Эй, мятка, милё, милё, гут милё!
Хозяйки таких немцев считают еще хорошими: яйца заберет, так мыло оставит, с паршивой овцы хоть шерсти клок. Но чаще всего солдаты ничего не дают за «млеко» и «яйки». Они сами ловят кур, режут и потрошат поросят. Целым взводом, растопырив руки, окружают они куренка, гогочут, улюлюкают, а поймав, сожмут птичью голову между пальцев, тряхнут и голова в ладони остается, а тушка, брызгая кровью, на траву падает. И часа, смотришь, не пройдет, как у немцев и свинина шипит на вертеле, и курица истекает жиром, и хлеб поджаренный дымится. Или раньше они умели все так ловко потрошить и разделывать, или на русской земле научились, жители этого не знали, да и знать не хотели. Удивляло крестьян нахальство оккупантов, бескультурье, цинизм. Посреди деревни солдаты раздевались догола, обливались водой, бегали друг за другом, орали песни, стреляли в собак, по-своему развлекались. Подзовут оборванного босого парнишку, протянут ему конфету, намазанную какой-то жидкостью, и, когда ребенок, сунув конфету в рот, заплачет от боли, смеются над ним до икоты, до приседания, до всплеска руками
После одной такой сцены, как только немецкая колонна покинула хутор Стряково, Козаров выбрался из своего соломенного укрытия, не торопясь подошел к людям, поздоровался. Три женщины, стайка ребятишек, тощий, кашляющий мужик с костылем хмуро и молча установились на него.
Что не отвечаете, земляки? спросил Козаров, снимая кепку. Аль не узнаете? Ульяна Павловна, а помнишь, я тебе отрез на платье вручал за высокие надои молока?
Пожилая женщина
в платочке вскрикнула «Ой!», заулыбалась, заплакала и со слезами: «Ах, Николай Васильевич, Николай Васильевич!» подошла к Козарову, сжала его руку, потащила к завалинке.
В деревне Сорокина Гора Козаров постучался к знакомому конюху Ивану, человеку верному, и тот вызвался проводить предрика потайной тропой к Блонской мельнице, к месту назначенного партизанского сбора. На мельнице должны зарегистрировать свое прибытие еще четыре посланца из Ленинграда, которые приземлились на сутки позже Козарова. В составе этой группы радистка с рацией, с комплектом питания. У них же и груз с толом, с запалами, с патронами к автоматам.
До мельницы было километров восемнадцать. Это по прямой дороге. А там, где шли Козаров с Иваном, километров под двадцать пять наберется. Они петляли вдоль речки, шагали просеками, оврагами. Козаров то и дело курил, укрывая самокрутку в ладонях, слушал Ивана.

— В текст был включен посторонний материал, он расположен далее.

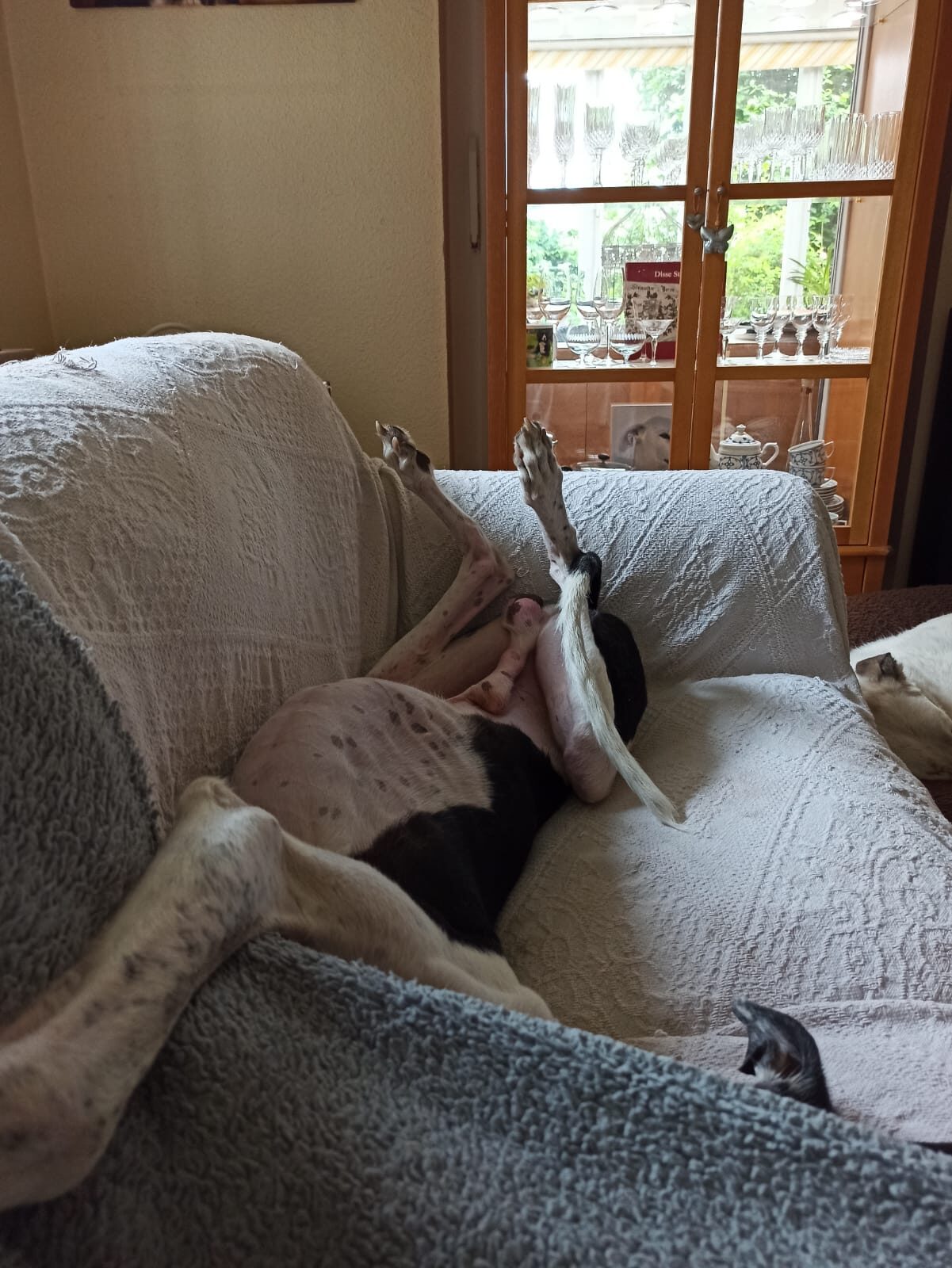 Tornado konnte letzten Monat auf eine Pflegestelle nach Deutschland reisen und erstaunte uns alle. Sofort hat er den Körperkontakt mit seinem Pflegefrauchen gesucht. In der Wohnung fühlte sich der hübsche Galgomann sicher. Die ersten Tage wollte er diese auch nicht verlassen. Stück für Stück erkundete er dann den Garten und geht mittlerweilen auch spazieren. Leevi wie er jetzt genannt wird ist noch weit davon entfernt ein souveräner Hund zu sein, aber er lernt sehr schnell und sein Vertrauen in den Menschen wurde nicht komplett zerstört.

На рассвете они были у мельницы. Большое огнистое солнце уже полыхало за мелколесьем. Два приземистых здания, сама старая мельница и жилой дом смутно маячили в тумане. Бурлила падающая за плотиной вода. Слева, за извилистой Желчой, поднимался высокий лесистый увал. Где-то там, за этим увалом, стоит село Блонск. До села километра три. Другие населенные пункты еще дальше. Кругом лес, болота, зыбкие кочкарники, крохотные, глухие озера, заросшие кувшинками и кугой бочаги. Раньше Козаров приезжал сюда за утками, на рыбалку. Хорошие тут места, безлюдные, привольные. Лучшей партизанской базы во всем районе не сыщешь. И люди на мельнице преданные, смелые.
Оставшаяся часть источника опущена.